# There are smart people in Florida



## Plainsman (Jul 30, 2003)

With Obama this close to the White House you better get whatever firearm you want now, fast. AR15's will be about $3000 used in a month. Sell them now and don't ask questions. I don't remember the rules last time, but I remember what liberals wanted to add to it. No sales or transfer. That means you don't sell them or pass them on to your children. With Obama in the White House and Nancy in the house, and Harry Reid in the senate confiscation has a good chance.


----------



## ruger1 (Aug 16, 2006)

Plainsman said:


> With Obama this close to the White House you better get whatever firearm you want now, fast. AR15's will be about $3000 used in a month. Sell them now and don't ask questions. I don't remember the rules last time, but I remember what liberals wanted to add to it. No sales or transfer. That means you don't sell them or pass them on to your children. With Obama in the White House and Nancy in the house, and Harry Reid in the senate confiscation has a good chance.
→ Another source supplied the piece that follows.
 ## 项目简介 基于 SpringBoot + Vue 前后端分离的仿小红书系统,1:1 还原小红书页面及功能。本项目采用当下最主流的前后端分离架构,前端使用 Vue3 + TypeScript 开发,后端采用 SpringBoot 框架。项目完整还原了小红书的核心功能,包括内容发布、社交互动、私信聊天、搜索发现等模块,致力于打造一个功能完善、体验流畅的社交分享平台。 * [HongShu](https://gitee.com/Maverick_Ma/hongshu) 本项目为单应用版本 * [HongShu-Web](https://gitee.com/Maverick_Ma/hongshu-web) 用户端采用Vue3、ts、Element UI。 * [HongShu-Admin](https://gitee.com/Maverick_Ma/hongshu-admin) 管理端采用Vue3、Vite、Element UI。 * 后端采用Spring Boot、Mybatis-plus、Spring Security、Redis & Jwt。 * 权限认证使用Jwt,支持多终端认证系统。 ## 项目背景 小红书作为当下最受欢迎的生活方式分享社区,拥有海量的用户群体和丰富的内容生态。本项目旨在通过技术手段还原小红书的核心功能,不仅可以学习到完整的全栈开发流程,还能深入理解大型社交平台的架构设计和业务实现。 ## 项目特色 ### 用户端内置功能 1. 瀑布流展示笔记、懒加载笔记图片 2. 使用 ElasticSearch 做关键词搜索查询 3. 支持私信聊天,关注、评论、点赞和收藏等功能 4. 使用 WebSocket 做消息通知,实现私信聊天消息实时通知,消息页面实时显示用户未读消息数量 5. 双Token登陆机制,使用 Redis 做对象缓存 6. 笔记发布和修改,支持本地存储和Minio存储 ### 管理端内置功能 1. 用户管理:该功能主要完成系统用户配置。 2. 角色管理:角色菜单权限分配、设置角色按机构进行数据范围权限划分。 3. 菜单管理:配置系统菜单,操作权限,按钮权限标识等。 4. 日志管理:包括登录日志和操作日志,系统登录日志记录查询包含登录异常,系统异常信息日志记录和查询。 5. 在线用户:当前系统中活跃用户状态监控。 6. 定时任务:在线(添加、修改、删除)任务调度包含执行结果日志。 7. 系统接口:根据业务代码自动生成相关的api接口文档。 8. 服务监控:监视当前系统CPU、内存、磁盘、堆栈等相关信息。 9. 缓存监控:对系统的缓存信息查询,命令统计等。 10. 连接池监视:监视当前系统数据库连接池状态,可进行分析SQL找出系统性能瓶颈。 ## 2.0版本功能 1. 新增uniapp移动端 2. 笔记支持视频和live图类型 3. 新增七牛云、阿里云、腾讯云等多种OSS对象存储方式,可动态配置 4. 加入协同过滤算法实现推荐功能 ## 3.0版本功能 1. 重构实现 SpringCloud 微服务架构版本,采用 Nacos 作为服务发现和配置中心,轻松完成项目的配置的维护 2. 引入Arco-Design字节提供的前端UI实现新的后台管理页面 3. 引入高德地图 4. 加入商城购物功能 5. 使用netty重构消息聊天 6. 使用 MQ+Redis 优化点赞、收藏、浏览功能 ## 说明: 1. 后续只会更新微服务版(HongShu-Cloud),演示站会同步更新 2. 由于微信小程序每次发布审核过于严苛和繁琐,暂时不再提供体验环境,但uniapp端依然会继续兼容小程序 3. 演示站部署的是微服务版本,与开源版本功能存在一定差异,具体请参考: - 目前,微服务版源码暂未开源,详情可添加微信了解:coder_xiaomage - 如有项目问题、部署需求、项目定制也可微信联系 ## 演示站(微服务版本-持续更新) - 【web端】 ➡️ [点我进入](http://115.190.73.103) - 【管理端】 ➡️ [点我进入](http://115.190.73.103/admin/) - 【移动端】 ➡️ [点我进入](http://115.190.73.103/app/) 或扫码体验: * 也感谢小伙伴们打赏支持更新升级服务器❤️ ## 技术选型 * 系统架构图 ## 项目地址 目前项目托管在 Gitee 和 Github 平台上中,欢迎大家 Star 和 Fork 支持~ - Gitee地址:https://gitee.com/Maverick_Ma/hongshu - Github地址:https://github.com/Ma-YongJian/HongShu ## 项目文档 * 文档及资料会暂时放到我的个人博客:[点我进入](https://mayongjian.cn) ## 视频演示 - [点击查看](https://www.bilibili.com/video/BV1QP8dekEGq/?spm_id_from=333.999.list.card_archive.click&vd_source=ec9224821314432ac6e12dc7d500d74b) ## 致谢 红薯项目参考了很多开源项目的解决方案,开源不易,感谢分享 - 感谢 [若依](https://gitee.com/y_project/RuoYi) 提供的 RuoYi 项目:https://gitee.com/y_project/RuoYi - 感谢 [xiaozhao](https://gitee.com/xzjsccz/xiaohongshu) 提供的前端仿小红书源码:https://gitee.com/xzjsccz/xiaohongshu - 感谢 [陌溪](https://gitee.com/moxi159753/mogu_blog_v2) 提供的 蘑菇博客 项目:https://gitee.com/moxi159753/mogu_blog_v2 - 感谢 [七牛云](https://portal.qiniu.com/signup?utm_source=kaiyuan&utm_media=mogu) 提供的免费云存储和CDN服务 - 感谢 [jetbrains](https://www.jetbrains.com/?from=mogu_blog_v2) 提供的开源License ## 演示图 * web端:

I tend to believe all this anti-Obama stuff about guns. However my buddy brought up a good point. Who's going to come get my guns? The cops? The same cops that I deer and duck hunt with? The National Guard. The same National Guard guys I deer and duck hunt with? I'm curious.


----------



## Plainsman (Jul 30, 2003)

The BATF just like the guys at Waco.


----------



## stonejs1 (Oct 14, 2008)

Yes the same cops and National Guardsmen you hunt with could possibly be the ones to come to your house and confiscate your treasured items. They have no choice and answer to a lot of people above them that are more important than their friends, you, because they can go to jail just gor not listening to their bosses.


----------



## Plainsman (Jul 30, 2003)

ruger1, I hope your friends are never in that position. However, if these people want your guns what better and easier way to get them than force you friends to choose their jobs ( do your job or your fired) or their friends. 
Look at Obama's record and then I will ask you how can you not believe. I doubt there will be any resistance. Like the sheep in England and Australia we will turn them in like dutiful children. 
It will be incremental so it will not upset a large number of people at one time. The ban on assault weapons is the perfect tool. They need only add additional weapons every six months or year. Today it will be AR15, tomorrow all handguns, next semi-auto rifles, the following few months semi-auto shotguns, where will it stop? It will not stop. 
When they take the AR15 who will complain? A small number who own AR15's, no on else will care. Then who will complain when they come for handguns? Only some who own handguns. A larger number who own semi-auto rifles will complain, but they will stand alone. I have seen on this site a person say "I don't care, I hunt with a bow". That's what they will all say. I don't care I don't have an AR. I don't care I hunt with a muzzle loader, I don't care I don't have a semi-auto shotgun. etc etc etc

Look at the record. A call from Obama on the ban of all handguns, a call for 500% tax on all ammunition etc.


----------



## ruger1 (Aug 16, 2006)

Plainsman said:


> ruger1, I hope your friends are never in that position. However, if these people want your guns what better and easier way to get them than force you friends to choose their jobs ( do your job or your fired) or their friends.
> Look at Obama's record and then I will ask you how can you not believe. I doubt there will be any resistance. Like the sheep in England and Australia we will turn them in like dutiful children.
> It will be incremental so it will not upset a large number of people at one time. The ban on assault weapons is the perfect tool. They need only add additional weapons every six months or year. Today it will be AR15, tomorrow all handguns, next semi-auto rifles, the following few months semi-auto shotguns, where will it stop? It will not stop.
> When they take the AR15 who will complain? A small number who own AR15's, no on else will care. Then who will complain when they come for handguns? Only some who own handguns. A larger number who own semi-auto rifles will complain, but they will stand alone. I have seen on this site a person say "I don't care, I hunt with a bow". That's what they will all say. I don't care I don't have an AR. I don't care I hunt with a muzzle loader, I don't care I don't have a semi-auto shotgun. etc etc etc
> ...


You are preaching to the choir. I know all that and agree. Not to mention I've already voted. The worst part is after Obama gives all my money to some dead beat POS in some slum somewhere. I won't have my rifle to go harvest some meat for my family.


----------



## Plainsman (Jul 30, 2003)

> You are preaching to the choir.


----------



## KEN W (Feb 22, 2002)

Plainsman said:


> > You are preaching to the choir.


And the choir is pretty big on this website.Is there anyone here who hasn't made up their mind who to vote for?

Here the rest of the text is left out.